Пока Громов брился, Мария успела переодеться. Доставшиеся ей расшитая замысловатыми узорами кофта и юбка лежали в комоде хозяйки, очевидно, еще со времен ее молодости. Неизвестно как они смотрелись на хозяйке, но Мария в них просто расцвела. Правда, и в этой одежде она почему-то не воспринималась как обычная сельская девушка. Наверное, этому мешала модная городская стрижка, сделанная, как узнал Андрей, в последнюю мирную субботу.
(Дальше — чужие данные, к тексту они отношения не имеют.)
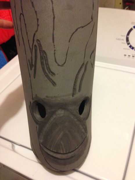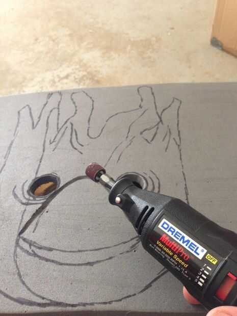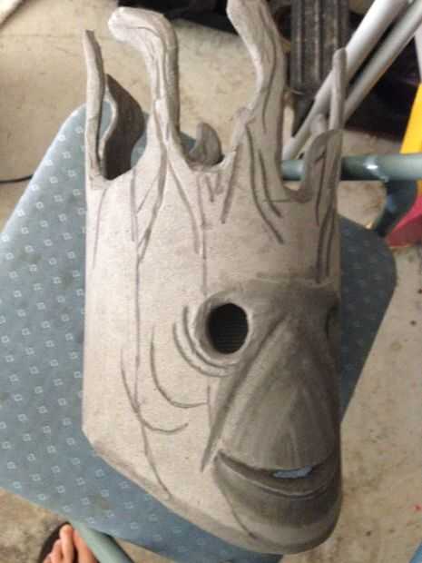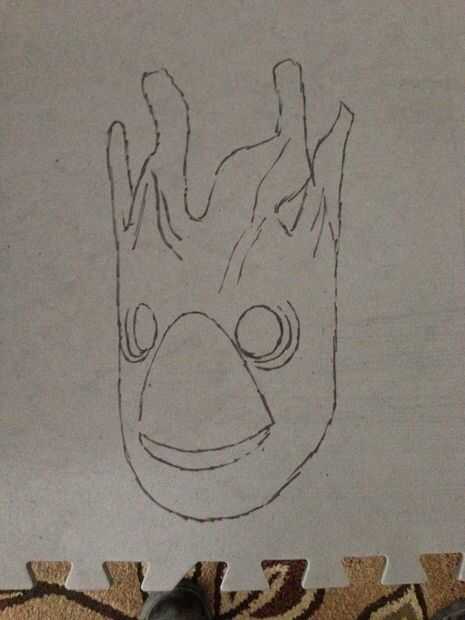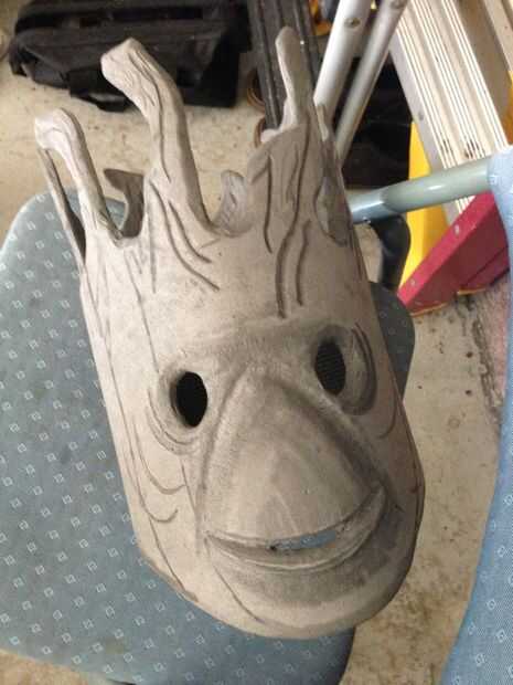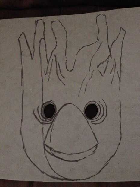 Si eres más artística de lo que soy, puede salirse con saltarse el primer procedimiento. Encontré una foto del me gusta de una cabeza de traje de Groot y utiliza un retroproyector y la transparencia película para proyectar la imagen sobre la pared. Acerque la imagen mientras que con mi hija de pie con los ojos cerrados frente a la imagen hasta que la imagen era el tamaño, que pensé que era apropiado para ella. Luego tomó una hoja de espuma EVA y remontar la imagen con un bolígrafo Sharpie en el lado liso. La imagen original era oblicua, por lo que he hojeado entonces la imagen en el proyector para copiar lo que era correcto y utilizar más los para los lados derecho e izquierdos. Empecé por cortar los agujeros del ojo con las tijeras. Comencé en un pequeño trozo de espuma con la Dremel. Elimina material mucho más rápido de lo que esperaba, por lo que rápidamente aprendí que usted tiene que mantener la herramienta en un ángulo muy bajo muy ligera presión para conseguir el efecto deseado. También crea una gran cantidad de espuma polvo por lo que recomiendo usar una máscara y limpieza de la mascarilla de antes de pintar. Entonces comencé a tallar las características faciales. Una vez que tuviera la forma áspera que quería, me pasé a la punta del cono que forma la herramienta porque no saque material de rápido y me permitió crear valles más profundos en la espuma con la punta puntiaguda. Las marcas profundas junto con pintura oscura dentro de ellos realmente acentúan el aspecto de una criatura de madera. Comenzó con la fabricación de unas pocas líneas de grano profundo calculado en las otras partes de la cabeza, pero luego empezamos a hacer marcas al azar para completar la apariencia granulada. Me corte la parte superior "ramas" de la máscara con unas tijeras y luego redondea los bordes con la Dremel. Hice una pequeña abertura en el área de la boca y redondea hacia fuera los agujeros del ojo un poco más.

Скорее, она была похожа на молодую сельскую учительницу.

— Выходя на улицу, лучше надевай платок, причем постарее, — посоветовал Андрей, пытаясь дотянуться до Марии свободной рукой, чтобы обнять. — И вообще, одевайся очень скромно. Красота привлекает, а это небезопасно даже в мирное время.

— Хорошо, я буду маскироваться под старуху, — увернулась от его объятий.

Он добрился и еще раз внимательно посмотрел на себя в зеркало. Нет, дни, проведенные в подземелье, не очень состарили его. По крайней мере, не так, как ему показалось, когда взглянул на себя в зеркало до бритья. Только глаза покраснели от бессонницы и усталости. Да щеки немного осунулись.

— Мария, посмотри на меня.

Девушка стояла у окна. Услышав его просьбу, она оглянулась через плечо.

— Вот сейчас, глядя на меня, еще не искупанного… — улыбнулся Андрей. — Скажи: ты бы согласилась выйти за меня замуж?

— Нет, — сразу же и довольно резко ответила она, повернувшись к нему лицом.

— Почему?

Она пожала плечами.

— Ну почему, почему?! У тебя есть жених?

— А почему ты до сих пор ни разу не спросил меня об этом?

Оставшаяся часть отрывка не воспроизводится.